At the same time, the dynamics of demand for oil in different countries of the world after 2023 will look different and even multidirectional against the background of decarbonization of economies, warn in OPEC. Consumption growth will now be provided only by developing countries, the report says.
The trend for the opposite behavior in oil consumption is already being realized in the medium term, OPEC experts write. And over time, it will only get stronger, they believe. So, according to their calculations, the demand for oil in the OECD countries will reach its peak of 46.6 million b / d in 2023, and then will slowly begin to decline to 34 million b / d by 2045.
And, on the contrary, developing economies, against the background of population growth and an increase in the share of the middle class, will demonstrate an increase in oil consumption by 25.5 million b / d, to 74.1 million b / d by 2045, according to the OPEC forecast. Overall, global demand over this period will increase by 17.6 million bpd to 108.2 million bpd by 2045.

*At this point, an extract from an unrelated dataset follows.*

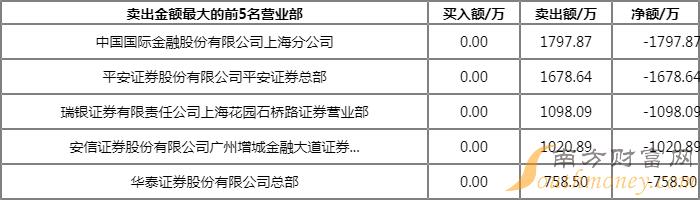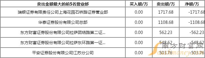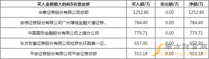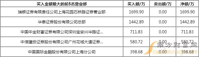第一大买入营业部及卖出营业部均为瑞银证券有限责任公司上海花园石桥路证券营业部,买入金额为1699.90万元,卖出金额为1717.68万元。

The global car park will almost double by 2045, to 2.6 billion units, but the share of electric transport in it will increase to 20%, follows from the forecast. The number of electric vehicles will reach 500 million by 2045.
“Long-term growth in oil demand will be limited by the increasing penetration of electric transport into the lives of consumers,” OPEC experts write. Therefore, the demand for oil in the transport segment will stably stay in the corridor of 46-46.5 million barrels per day until 2045, OPEC believes.

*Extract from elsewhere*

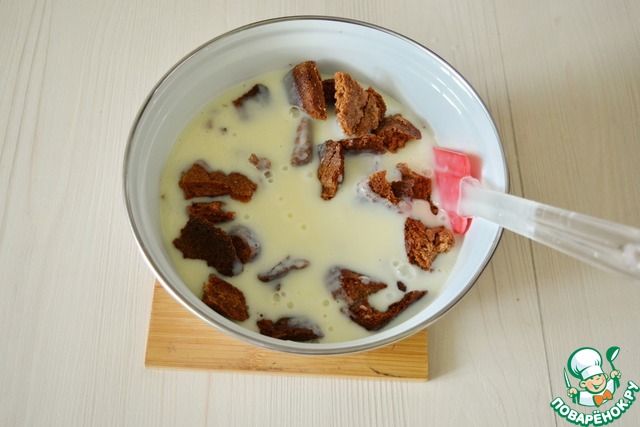 Вылейте горячий пудинг на кусочки поломанного коржа (печенья), перемешайте. Охладите слегка, чтобы масса была тёплой

At the same time, cars with an internal combustion engine will continue to occupy a large share – 76%, which will be mainly provided by demand from developing countries.

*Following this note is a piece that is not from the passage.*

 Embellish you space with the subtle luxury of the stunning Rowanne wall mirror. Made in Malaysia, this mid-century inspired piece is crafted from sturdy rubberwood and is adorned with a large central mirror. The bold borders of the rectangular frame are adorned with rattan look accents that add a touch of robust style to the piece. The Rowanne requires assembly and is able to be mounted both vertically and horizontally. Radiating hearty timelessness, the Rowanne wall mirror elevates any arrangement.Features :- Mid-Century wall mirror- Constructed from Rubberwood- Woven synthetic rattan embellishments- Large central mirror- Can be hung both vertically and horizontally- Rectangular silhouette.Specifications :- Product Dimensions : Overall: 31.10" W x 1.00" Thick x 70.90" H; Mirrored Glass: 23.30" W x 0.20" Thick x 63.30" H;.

The transition to electric motors is happening at a faster pace than predicted in last year’s report, the report noted. It also notes that the crisis caused by the pandemic has not greatly affected the electric car market.
A massive shift to electric vehicles will lead to an increase in energy consumption, but at the expense of alternative energy sources.
“This will hit the share of oil in the energy balance,” the report says. At the same time, OPEC experts add that the trend will affect not only the transport sector, but also industry, housing and communal services and generation.
Russia will stabilize production after 2026
Russia in the period until 2026 can increase oil and gas condensate production from 10.6 million b / d to 11.5 million b / d against the background of the launch of new projects and the end of restrictions in OPEC +, follows from the long-term forecast.
“After 2026, a long plateau of production is predicted, but by 2045, production will begin to decline,” the OPEC forecast says.
US to slow production after 2030
The United States will begin to actively recover oil production from 2022 until reaching a production peak by 2030. Other countries, like the United States, which are not members of OPEC, will begin to reduce oil production after 2030. This will lead to an increase in the share of OPEC countries in world production, follows from the long-term forecast.
OPEC expects that the favorable price environment will force American oil producers to restore production, which has been frozen due to the consequences of the pandemic. Production in the United States will grow from 11.5 million bpd in 2020 to 14.8 million bpd in 2026, according to the OPEC forecast. I can reach the peak production of 15.2 million b / d by the end of the 2020s. At the same time, the total production of liquid hydrocarbons by this time may increase to 20.5 million bpd.
Other non-OPEC countries will also reach peak production by 2030 – at 71 million bpd, OPEC expects. By 2045, this figure has already dropped to 65.5 million bpd. In contrast, OPEC production will increase from 35.7 million b / d in 2030 to 42.7 million b / d in 2045. OPEC’s share of the global oil market will increase from 33% to 39% by 2045.